Cry, beloved Motherland

Le Champ-de-Mars sera tristement désert en ce 12 mars 2023. Pas uniquement parce que le ‘Mauritius Turf Club’ (MTC) a été contraint de baisser les rideaux après 200 ans d’histoire de courses hippiques à cause d’une politique accapareuse et de copinage au sommet du gouvernement. Mais aussi et surtout parce qu’il ne vibrera pas au chant de l’hymne national au moment où nous célébrons les 55 ans de l’Indépendance, aujourd’hui. Le Champ-de-Mars, où le drapeau mauricien avait été hissé pour la toute première fois le 12 mars 1968, ne sera pas drapé aux couleurs de notre quadricolore alors qu’il a traditionnellement accueilli les célébrations officielles et protocolaires pendant plus d’un demi-siècle.
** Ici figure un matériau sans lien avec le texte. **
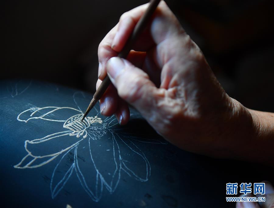 10月12日,丁国坤在家中对一件未成形的脱胎漆器进行“彩绘”工序。新华社记者胡晨欢摄

C’est tout un symbole, voire même tout un pan de notre histoire, qui s’efface. Lentement mais surement. Et probablement délibérément.
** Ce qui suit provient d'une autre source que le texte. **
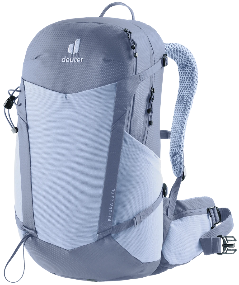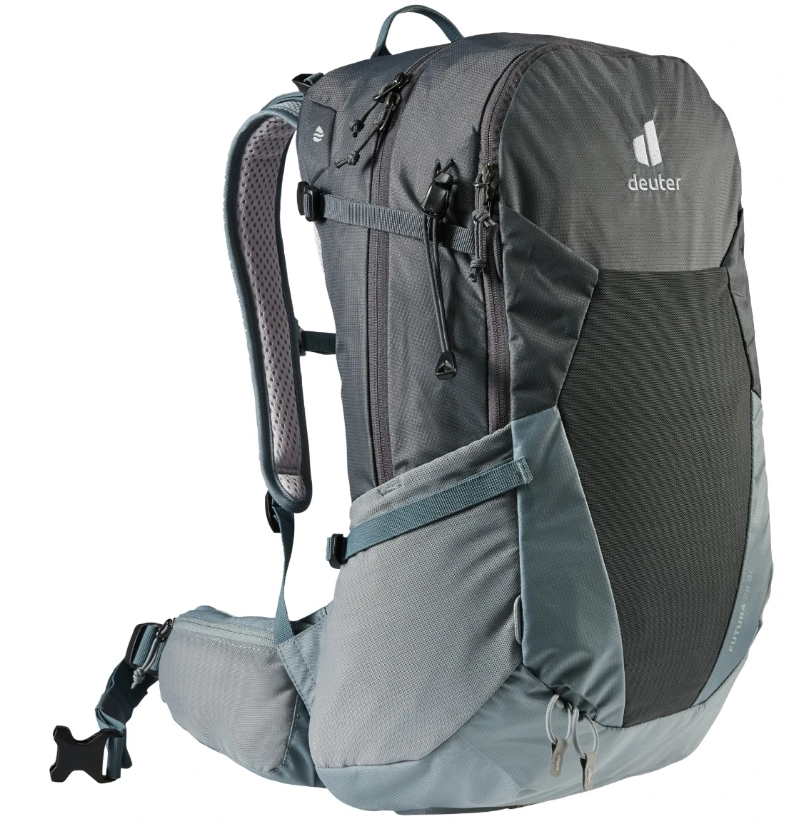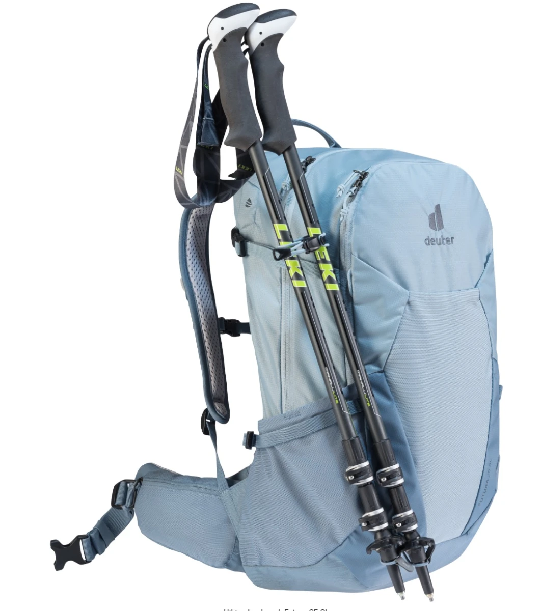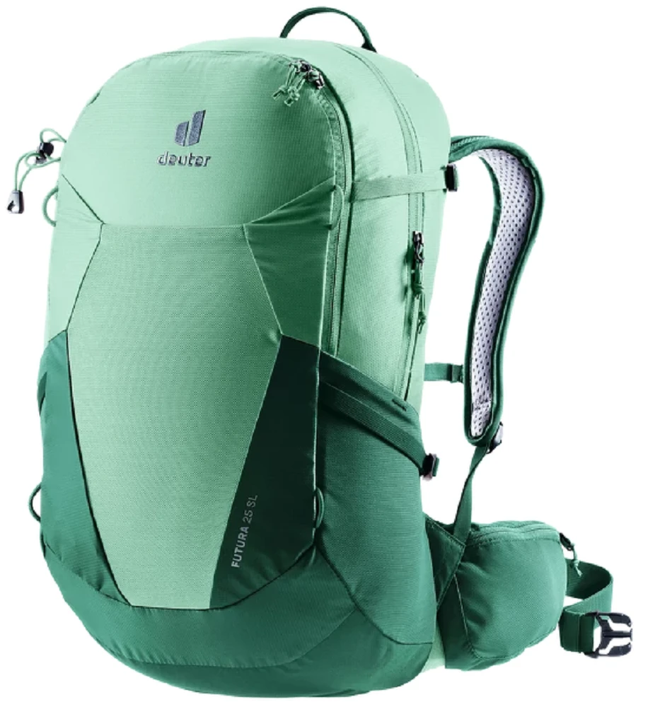 Dámský batoh na turistické aktivity Deuter Futura 25 SL: je zajímavý pro turistiku po městech, v přírodě i v horách. Má dámskou konstrukci, která má kratší zádový systém, blíže k sobě ramenní popruhy a upravený bederní pás.

Ce n’est que le jeudi 9 mars, soit trois jours avant l’Indépendance, qu’on a appris, après que le Conseil des ministres se soit exceptionnellement réuni ce jour-là, que la cérémonie du lever du drapeau aura lieu à la State House en ce dimanche, et ce en l’absence d’un invité officiel. On ne peut que se demander si ce manque d’égard pour une date si importante pour l’histoire de notre pays n’a pas un but précis : celui de censurer l’histoire du pays, en faisant abstraction de l’apport monumental de Sir Seewoosagur Ramgoolam pour l’obtention de notre indépendance en 1968. La question se pose puisque depuis un certain temps, les communiqués officiels du gouvernement, et même les reportages de la MBC, font mention, par exemple, de « l’aéroport de Plaisance » et du « jardin botanique de Pamplemousses » au lieu de « SSR International Airport » et de « SSR Botanical Garden » respectivement. Une façon somme toute très subtile de gommer le nom de SSR, et d’estomper l’histoire du pays.  
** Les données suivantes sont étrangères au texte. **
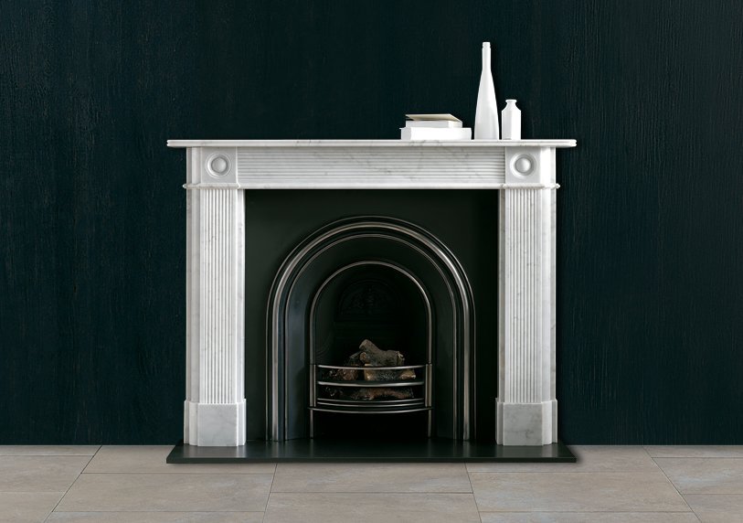 A Regency style marble surround having reeded jambs and frieze with bullseye capitals.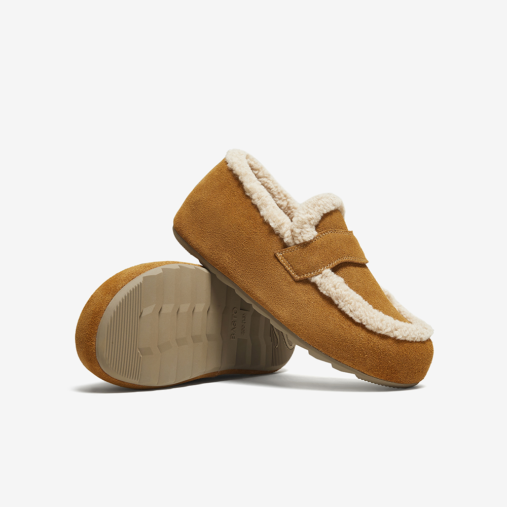 百思图2025冬季新款勃肯鞋时尚复古休闲加绒保暖女单鞋D3505DM5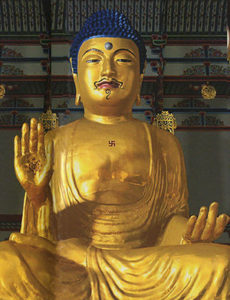 752年 4月9日 黄金色に輝く奈良の大仏は完成した。大仏の目の中に黒い炭を書き込む大仏開眼供養会が行われた

Et dire que nous nous indignons devant le manque, ou l’absence, de patriotisme de nos enfants. À qui la faute si on ne réagit pas quand il le faut ? Notre société est aujourd’hui à la dérive. En atteste la chanson honnie entonnée par un groupe d’élèves du collège Royal de Curepipe. L’ancien vice-Président Raouf Bundhun a raison de dire qu’il n’y a plus de « one people, one nation ». Notre société est plus que jamais fragmentée et divisée. La conséquence d’une politique divisionniste et communaliste prônée par le gouvernement MSM, avec le soutien de certains groupes extrémistes. Même les paroles « in peace, justice and liberty » sonnent désormais faux. Notre quiétude et notre sécurité sont plus que jamais menacées par l’insécurité grandissante, les vols, les crimes, la drogue, la corruption, le blanchiment d’argent. La justice et la méritocratie ne font plus que pâle figure devant le népotisme, la discrimination et le favoritisme, fut-il pour les recrutements dans le service civil, les nominations à des postes clés ou dans l’octroi des contrats publics. Nos libertés, qu’elles soient d’expression ou de mouvement, ne tiennent plus qu’à un fil, les lois régressives et la police répressive étant mises à contribution pour sanctionner toute forme de contestation.

De jour en jour, nous glissons dangereusement vers une autocratie. Le récent rapport de V-Dem cite d’ailleurs Maurice parmi les douze pays autocratiques, aux côtés de Bénin, Botswana, Burkina Faso, Burundi, Tchad, Comores, Ghana, Côte d’Ivoire, Mali, Mozambique et Ouganda. « Democracy seems to hang on by a thread in Mauritius », souligne le rapport rendu public cette semaine. Maurice y est cité comme faisant partie des pays où la censure de la presse s’est aggravée durant ces dix dernières années. « Mauritius – once hailed as the only liberal democracy in Sub-Saharan Africa – recently introduced several regulations that restrict the work of broadcasting companies and journalists », note V-Dem. Pour rappel, c’est pour la troisième année consécutive que cette institution nous a placé sur une liste rouge en termes de démocratie. Mais le gouvernement s’en moque visiblement.

Le constat est dur en ce 12 mars. 55 ans après l’Indépendance, le pays fait face à d’énormes défis, tant sur le plan démocratique qu’économique et social. Il est paralysé par une crise institutionnelle où le Premier ministre est lui-même le premier fautif, irrespectueux qu’il est envers la séparation des pouvoirs, comme le démontre ses attaques à peine voilées contre le DPP. Notre pays est asphyxié par une économie parallèle caractérisée par la corruption, le blanchiment d’argent et le trafic de drogue, comme en témoigne l’affaire Franklin. Le pays est à genoux. La population souffre atrocement. Cry, beloved Motherland.